I respect your right to your opinion, and hope you will continue to read my work- but unlike most of the rest of the developed world's experts- American Public Health persists in propagating the incorrect notion that breakthrough cases are rare- which is partly due to the fact that the American government has continuously failed to provide cheap self-testing lateral flow tests as a precursor to PCR tests. Our lateral flow tests are free to pick up from any pharmacy. We deliver 1 million to homes each day and give away 10 million a week. The tests come in seven day packs.

As a consequence, we have picked up a huge number of asymptomatic and very mild cases which are weighted specifically towards the vaccinated. Believe it or not, this is actually a ringing endorsement of vaccination as a means of individual protection. You should follow Breaking Points on YouTube- their coverage on this subject has been excellent- a marked contrast to the corporate media who know their pay checks come from needlessly scaring people.

Of course, you are somewhat right in relation to hospital capacity issue- it is an unfolding tragedy that so many people mistrust American media and institutions to the extent that many have needlessly died. However, none of these institutional forces, whether in media or Public Health, have exactly covered themselves in glory since the start of the pandemic. In the UK our media has been alarmist in the main, but at least our Public Health opted for an honest warts-n-all approach so that anyone who was dubious could check the raw data.

As a consequence, we had one of the highest vaccine uptake rates in the world. However, as soon as our government started threatening young people with vaccine passports which meant that they couldn't go to club unless they were vaccinated, vaccine support dropped through the floor. We had a rate of vaccine uptake well over 90% for vaccination amongst adults, which dropped to just over 50% with the booster program.
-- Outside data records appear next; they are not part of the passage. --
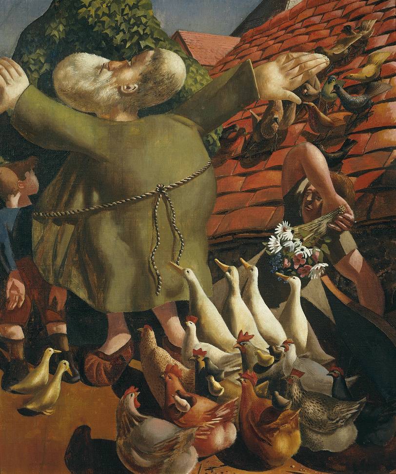 Стенли Спенсер «Святой Франциск», 1935 Неоромантизм В картине господствует наивная и несоразмерная другим деталям фигура Святого Франциска, повернувшегося к нам спиной и протягивающего руки к небу. Его фигура имеет устойчивую, почти цилиндрическую форму, а руки странным образом поменялись местами. Утки, куры и другие птицы на крыше пристально смотрят на святого, словно поклоняясь ему. Краска положена… Подробнее »
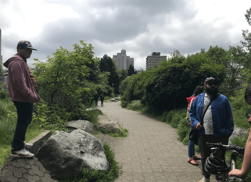 And really, it’s little more than a green walkway for 100 metres or so, but it’s a unique design, with rocks jutting out in the middle and enough of a winding path that makes it seem juuuust natural enough, a sort of mini NYC High Line. The plants on either side help block out some of the noise, but are open enough to provide unique views of the corridor.
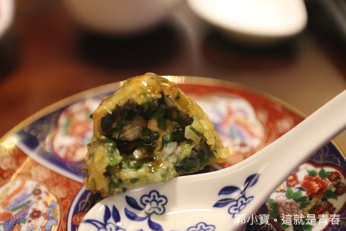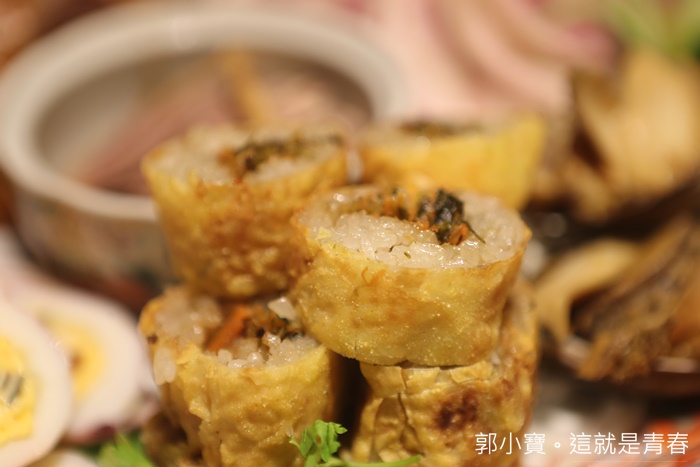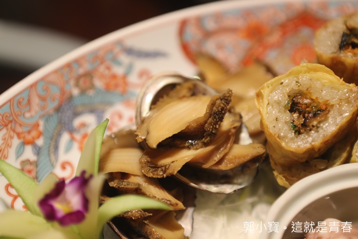 這菜品我比較印象深刻,因為大部分的山海拼盤都是搭配蝦捲,這菜品我還滿喜歡的,有底像是飯捲的感覺,外皮吃起來有點像是炸過的蛋皮,裡面是糯米包了餡料吃起來香氣四溢,滿喜歡的。 |

Unlike many Americans we believe that government can and should help societies most vulnerable, We were the first in the world to offer our citizens universal healthcare and we are immensely proud of this fact. However, when it comes to civic libertarianism we are perhaps even more fierce in our believe that government should never use force or coercion against its citizens unless they are harming other citizens. With the inability of vaccination to stop, and perhaps only slightly slow, virus spread since Delta there really is no case for coercion with vaccinations.

Omicron is even worse in terms of its inability to prevent virus spread, but thankfully it is a much, much milder variant of the virus. Although our cases numbers have exploded, we have seen only a modest increase in hospitalisations, almost no increase in the use of mechanical ventilators and ICUs and daily deaths have only risen slightly. This mirrors the experience of South Africa where case numbers mushrooms but deaths and hospitalisations failed to rise beyond modest increases.

All of this mirrored the advice McKinsey gave America's business, finance and insurance industry as early as October of last year. Their advice was that it was increasingly likely that the most likely route out of the pandemic was through Covid becoming endemic. Although we may experience a slightly rocky road in the transition it is looking increasingly likely that omicron may be the perfect vehicle for wiping out the far more serious Delta variant. There is every indication that we may be seeing the end of the pandemic, although in order to be responsible I should state that it is still a little premature to claim this categorically.

It looks as though this may be the last time our hospitals will be put under heavy pressure from Covid, but obvious we will continue to experience the virus as a serious seasonal flu for at least a couple of years and possibly indefinitely. I hope I have done my best to allay you fears. But if not, here is an article from Bloomberg which basically says the same thing:

https://www.bloomberg.com/news/articles/2022-01-07/omicron-may-mark-end-of-pandemic-south-african-researchers-say

I hope it gives you peace of mind, and hope you don't take umbrage at my spirited defence of my position.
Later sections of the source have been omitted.